This project was based on the framework of the Creating Active Schools (CAS) model (26). Based on the Behaviour Change Wheel (BCW) (27), the CAS models identified three sources of behaviour that are necessary and sufficient for the performance of a given volitional behaviour: Capability, Motivation and Opportunity. Furthermore, this model classified several intervention functions that could enable interventions (i.e., education, persuasion, empowerment, training, modeling, or constraints), as well as several target groups to develop the intervention. In this way, the CAS model framework identifies the multiple components necessary to establish schools as adaptive complex subsystems, which in turn facilitate the implementation of PA throughout the school. The lower half of the framework describes the internal factors of the school, while the upper half identifies factors related to teacher training, behavioral science, and the role of national and international organisations and policy development—the wider system beyond the individual school. In our project we focused on: (i) school leaders, who are responsible for leading the development of policy and vision statements and managing related resources; (ii) teachers, who are central to creating a positive social and physical environment, as well as implementing initiatives to promote healthy lifestyles; and (iii) students, who may form student councils or lead opportunities to adopt healthy lifestyles. By intervening with these groups, strategies to increase PA levels during the school day were developed and implemented through three opportunities (i.e., PAL, AB and AR).

Analyzing previous studies on interventions for promoting PA in schoolchildren (2832), it is observed that a large part of these implement a single PA component (e.g., only PAL). Most single-component interventions in schools have shown limited or insignificant post-intervention effects (31, 32). Additionally, the possible low quality of existing systematic reviews, meta-analyses, or the studies included in them limits the ability to draw firm conclusions (32). Despite the limited evidence, multicomponent school-based interventions (targeting two or more components, such as PAL, AB, active commuting, etc.) have been proposed as one of the most promising approaches to promote PA in schools (3235). However, systematic and meta-analyses examining the effects of multicomponent interventions show inconclusive results and generally small effects (36, 37). Evidence for these types of interventions on variables such as executive functions or academic performance is weak.

On the other hand, most of these multicomponent interventions have been carried out in primary schools (32), and few in secondary stage, with inconclusive effects on PA levels (36, 37). Therefore, there is a need to conduct studies that focus on the secondary level and test multicomponent interventions, as they promise greater effects on PA levels, and all that this entails.

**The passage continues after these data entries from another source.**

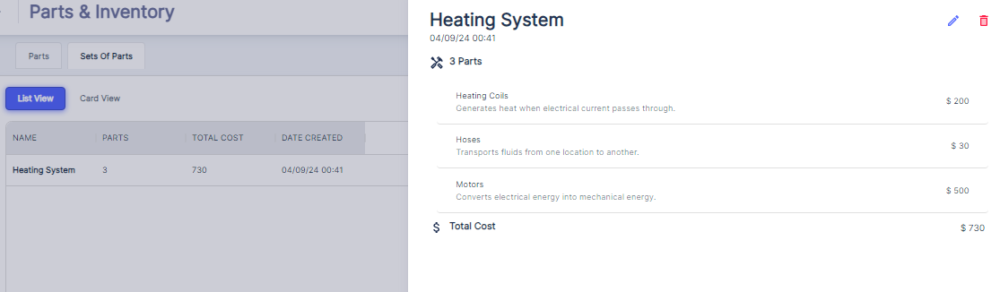 The Atlas CMMS system allows users to create and manage "Sets of Parts," which are groups of individual components commonly used together for specific maintenance tasks or equipment assemblies. Organizing spare parts into sets offers several benefits:
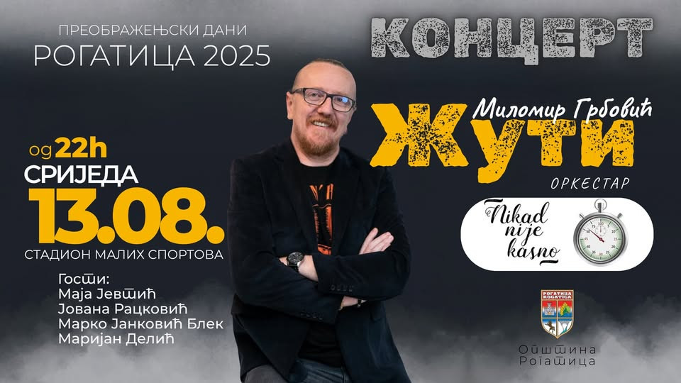 Na Stadionu malih sportova u Rogatici sutra će održati koncert Milomir Grbović Žuti sa gostima, uz pratnju benda „Nikad nije kasno“
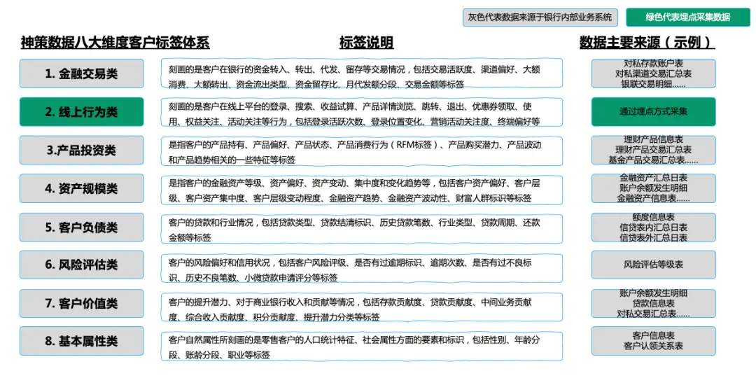 基于近 200 家金融机构数据化实践经验,神策数据沉淀出八大维度的客户标签体系,包含金融交易类、线上行为类、投资产品类、资产规模类、客户负债类、风险评估类、客户价值类、自然属性类,从银行目前标签构建现状来看,普遍线上行为类标签构建比较薄弱。神策数据标签体系说明如下:
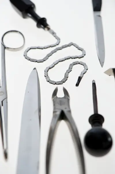 2 torniketter med pelotter. 1 handrephin, 1 cm diam.
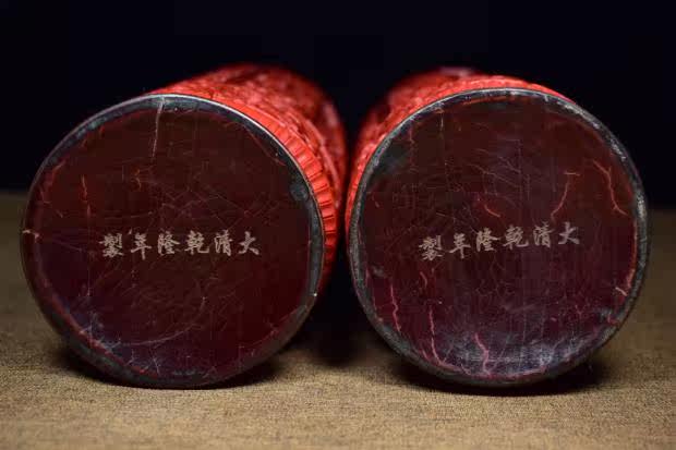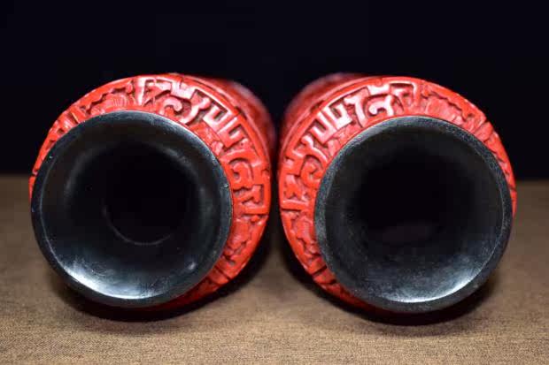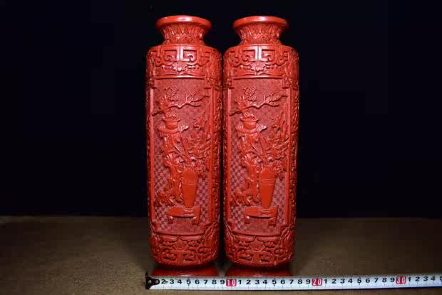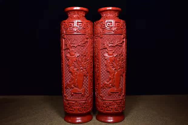 Folk Collection Old Beijing lacquerware Old and red lacquerware vase A pair of old lacquerware vases

Starting from the fact that this work is a protocol, its aim was to describe the methods and rationale of the MOVESCHOOL study, aimed to examine the effectiveness of a multicomponent school-based intervention on PA levels, sedentary time, HRPF, executive functions, academic indicators (school engagement, learning perception, academic performance and mathematical fluency), psychological health markers and motivational variables in adolescents. A secondary objective was to describe the methods used to evaluate the perception of school leaders, teachers and students (perceptions, limitations, strengths, areas for improvement, perceived benefits, enjoyment, motivation, training needs, fidelity and sustainability) about the intervention. Based on previous studies, this study hypothesized that participants in the experimental group, compared to those in the control group, would show higher PA levels during the school day, improved HRPF, executive functions, academic performance, psychological health, and motivation, as well as a reduction in sedentary time during the school day.

2 Methods and analysis

2.1 Study design

The MOVESCHOOL was a quasi-experimental study (trial registered on Clinicaltrials.gov: NCT06254638). This work was the protocol for the implementation of a school-based multicomponent intervention in the experimental group with pre- and post-intervention measures. MOVESCHOOL was a multi-center intervention whose management was designed to ensure effective collaboration and communication between the research groups. The research groups were composed of qualified researchers and graduates in PA and Sport Sciences from two universities [University of Extremadura (UEX) and University of Cadiz (UCA), Spain]. Both research groups followed a uniform study protocol for training, fieldwork, data collection and management, and quality control procedures. Continuous telematic communication was maintained throughout the study. A graphical summary of the study can be seen in the Supplementary file.

2.2 Participants and selection criteria

Participants in the MOVESCHOOL study were apparently healthy adolescents from secondary schools in the regions of Caceres and Cadiz (Spain). The MOVESCHOOL study established the following inclusion criteria for participants: (i) enrolled in 7th or 8th grade (12–14 years old); (ii) without any physical disabilities or health issues that could restrict PA levels; and (iii) having parental or legal guardian consent to participate in the study. Additionally, we included three criteria for schools: (i) having at least 60 students in 7th and 8th grade; (ii) not involved in any other PA or health promotion programs; and (iii) located within a 50-kilometre radius of the research group’s centers in Cadiz and Caceres.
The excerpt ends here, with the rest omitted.